While SAMP1 (FY 2008) activities will not be completed until September 30, 2010, interim reports were filed 4/15/10, and the three initial goals have been achieved: the Project Team has met formally three times to review and interpret TNC’s and VIMS’ habitat suitability analyses and maps for multiple resources, reviewed current spatial allocations on the seaside, interpreted the history, present conditions and future implications of the Baylor survey, evaluated the dynamic nature of the system, interviewed stakeholders, identified data gaps and achieved consensus regarding initial policy and regulatory approaches. Meeting summaries, stakeholder input, assessment data and maps are being completed on schedule as well.

The first phase of the SAMP (FY 2008), among other work, revealed that over 40%% of currently designated public shellfish grounds are not presently suitable for wild shellfish populations. It also determined that current oyster and eel grass restoration sites are a very small fraction of the habitats suitable for the re-establishment of these ecologically important and highly productive natural elements.

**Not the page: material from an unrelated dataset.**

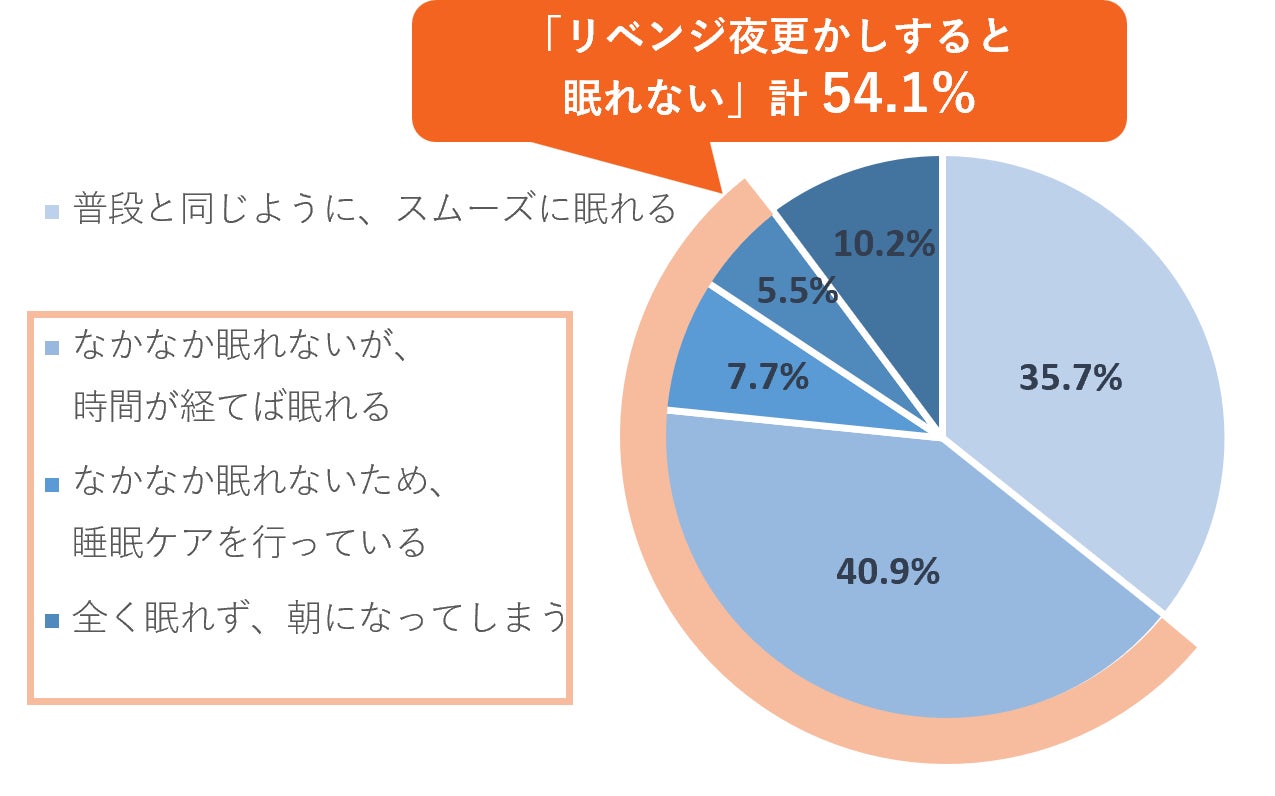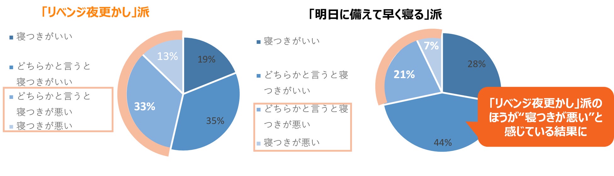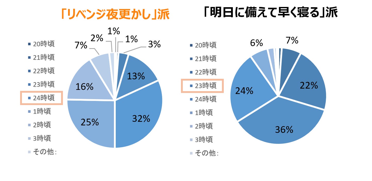 4人に1人が「リベンジ夜更かし」派。「明日に備えて早く寝る派」と比べ、寝つきに課題も。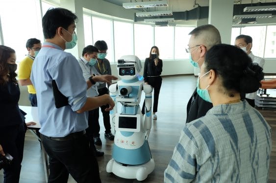 ดร. อภิรักษ์ หุ่นหล่อ คณะเทคโนโลยีสารสนเทศและการสื่อสาร มหาวิทยาลัยมหิดล นักวิจัยโครงการสนับสนุนข้อมูลวิจัยเชิงลึกด้านเชื้อไวรัสโคโรนา 2019 (COVID – 19) สำนักงานคณะกรรมการส่งเสริมวิทยาศาสตร์ วิจัยและนวัตกรรม (สกสว.) เปิดเผยว่า ปัจจุบันในประเทศไทยมีการพัฒนาหุ่นยนต์เพื่อใช้ทางการแพทย์ โดยความร่วมมือจากสถาบันวิทยาการหุ่นยนต์ภาคสนาม (FIBO) มหาวิทยาลัยเทคโนโลยีพระจอมเกล้าธนบุรี (มจธ.) ร่วมมือกับบริษัท ฟอร์มส์ ซินทรอน (ประเทศไทย) จำกัด, บริษัท ซิสโก้ ซีสเต็มส์ (ประเทศไทย) จำกัด และบริษัท แอ็ดวานซ์อินฟอร์เมชั่นเทคโนโลยี จำกัด (มหาชน) ร่วมกันพัฒนาหุ่นยนต์ทางการแพทย์ ขณะนี้สามารถใช้งานได้แล้ว 3 รูปแบบ ประกอบด้วย

This Project: In SAMP 2 (FY 2009), VIMS and TNC, with the assistance of the Project Team and under the leadership of VA-CZM, will interpret and analyze additional field-collected data, and conduct finer-scaled evaluations of habitat suitability and existing spatial allocations and uses in three representative sites on the seaside of Virginia’s Eastern Shore:
•Central Hog Island Bay
•South and Magothy Bays
•Chincoteague Bay

Also working with VIMS and other Project Team members, and based on FY08 SAMP 1 work, TNC will look at the entire seaside to develop spatially explicit draft conservation objectives for future oyster and eel grass restoration, coordinate site evaluations for habitat potential, provide associated map and data products, and devise draft monitoring plans to measure effectiveness of both restoration and management of oyster and eelgrass projects in the context of multiple uses and stakeholders on the seaside.  This information will then help inform the Project team’s policy management and regulatory recommendations and guidelines. In addition, the Project Team will participate in trial coastal and marine spatial planning exercises that explore possible resource allocation scenarios and begin to examine non-confrontational, consensus-building approaches and recommendations for regulatory change. The VIMS SAMP 2 proposal (FY 2009 Task 96.02) will complement this effort.
 
During SAMP2, TNC will undertake the following tasks acting as CZM’s administrative point-of-contact on the Eastern Shore: scheduling, coordinating and expediting communications, meetings and progress reports by SAMP2 project participants and stakeholders In addition, TNC will provide input to the Project Team regarding avian distribution on the seaside, particularly the new migratory shorebird information developed by SAMP 1 this spring, and current and future oyster reef and eelgrass meadow restoration sites in the context of recommending possible changes in policies, regulations and guidelines. TNC will also, under the leadership of VA-CZM, organize and facilitate an “Oyster Restoration Summit” to convene experts from around the region to examine traditional and experimental restoration techniques, evaluate and prioritize seaside habitat suitability, including the potential for “deep water” oysters, and establish criteria and targets for long term restoration goals and conflict avoidance with stakeholders.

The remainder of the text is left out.